Pablo Escobar’s family has organized a tourist excursion of Medellin similar in style to the Gangsters of Chicago and which idealizes the biggest drug trafficker in the history of Colombia.
The tour route traveled in school buses brings Escobar’s last days to life, with tourist guide Natalia Buitrago telling the story of the Medellin drug cartel’s founder.
First stop on the tour is the house in the Los Olivos neighborhood where Colombian National Police gunned the kingpin down as he and his bodyguard tried to escape across adjoining rooftops - or where the drug trafficker “shot himself,” as the guide suggests, thus bolstering the legend about how Pablo died.
The tourists then continue on to Montesacro Cemetery, passing along the way the ruins of the Dallas Building, the so-called “Business Center” where the drug lord founded his empire.
The inscription “Pablo vive” (Pablo lives) on a wall of the building, abandoned since 1993 following an attempt by rivals to murder him, strikes the perfect note for tourists seeking to go back 30 years to the days when Medellin was the drug traffickers’ mecca.
Then on to Montesacro where the wish of “Don Pablo” was granted - to be buried in Colombia - as the gravestone says under which he was laid to rest beside his parents, a brother, an aunt and his bodyguard.
And it was with the saying “Better a tomb in Colombia than a prison in the United States” that Escobar launched a war against the government in the 1980s to avoid extradition that left a trail of slaughtered victims.
But the climax of the tour is neither the house in Los Olivos, nor the lonely family mausoleum, not even the ruined building, but the chance to meet in person Roberto Escobar, alias “El Osito” (Little Bear), brother and sidekick of Pablo in all his adventures.
This is the tourists’ true delight, usually young Europeans or Americans who believe that Pablo Escobar was more like Robin Hood, as some Colombian media once described him, than the powerful, murderous drug trafficker that he was.
Before arriving at the house, the cautious guide warns visitors: “Roberto justifies everything his brother ever did.”
Half-deaf and half-blind from a package bomb sent him while in jail, El Osito, as if speaking of some heroic exploits, recounts his adventures with the brother he so sorely misses.
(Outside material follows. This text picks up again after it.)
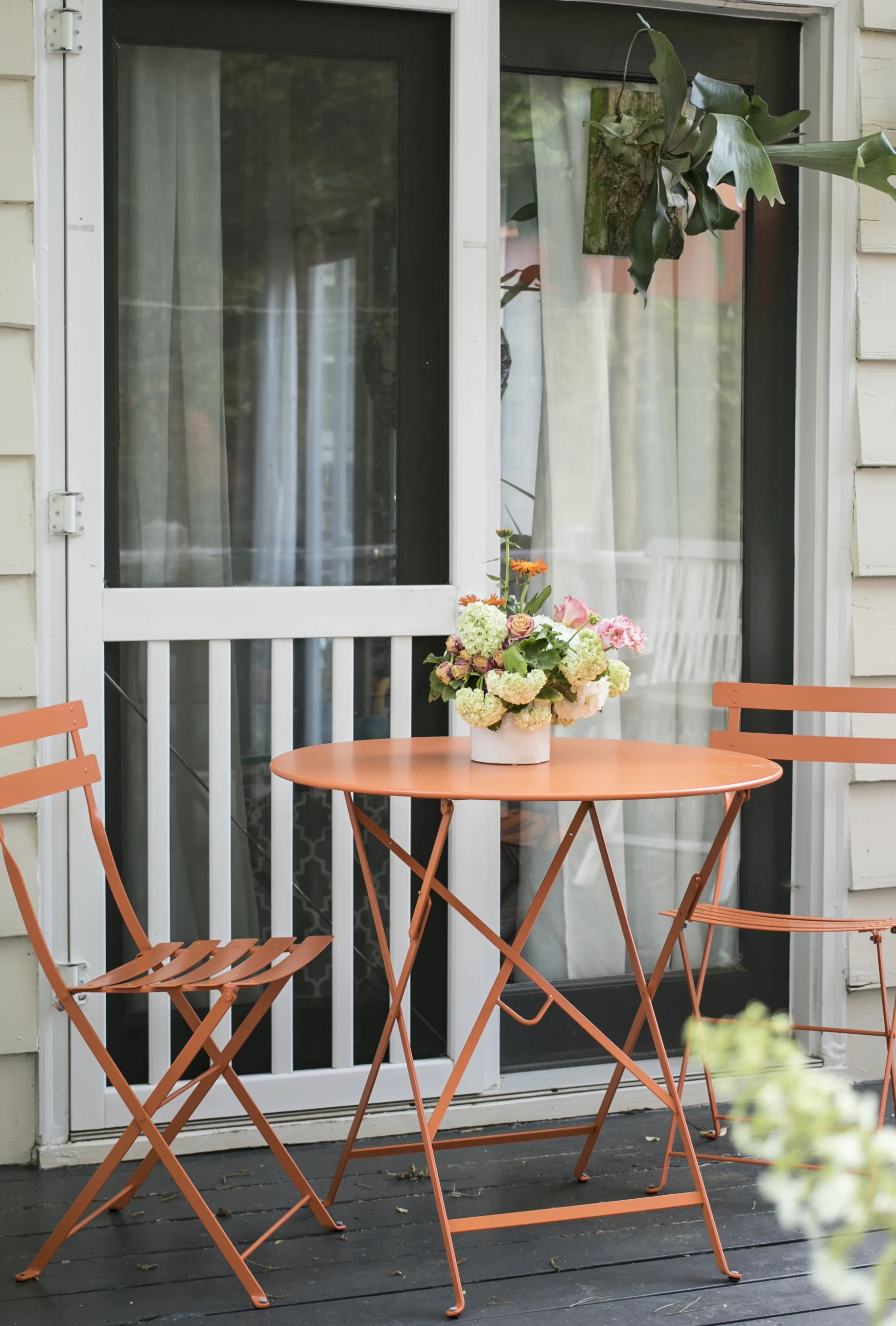 A few months ago the wonderful people at FermobUSA sent me this awesome orange bistro table. We have loved eating dinner at it and using it for parties. Here it is showing my Pollen arrangement and the orchid/antler combo. This table and the chairs come in all different colors, which you can find here. I could not recommend it more.

Bullet holes in the walls and windows from a kidnapping attempt, the dining room where Pablo celebrated his last birthday the day before he was slain, secret places for hiding and storage, and a speedboat the family had at their luxurious Hacienda Napoles estate are some of the memorabilia on view at the dwelling.
“Are you sorry about anything?” a young Irishman asked him, to which Roberto Escobar replied, “Every human being makes mistakes in his life and has to be sorry about them - what’s important is not to make the same mistake twice.”
“What do you think now about all they did?” a Canadian asked him, and Escobar answered, “The cartel did some really good things, and also made some mistakes.”
On the way back, a Swiss named Mark who is touring Latin America told Efe, “Pablo did good things, he gave homes to people who had nothing, but in the end he wanted everything for himself.”
During the tour, which cost 55,000 pesos (about $30), the Swiss bought all the films about the drug trafficker and a portrait of Pablo with a dedication by Roberto with his signature and thumbprint.
The Escobars say that today, without the lucrative business of the Medellin cartel and with most of their goods seized by the government, they have no money left, even though in the 1980s they possessed one of the largest fortunes in the world.
The tour is not viewed favorably either by the authorities or by Medellin’s inhabitants, dumbfounded at how the birthplace of the Colombian drug trade is advertised on social networks and to tourists staying at hostels and hotels around the city.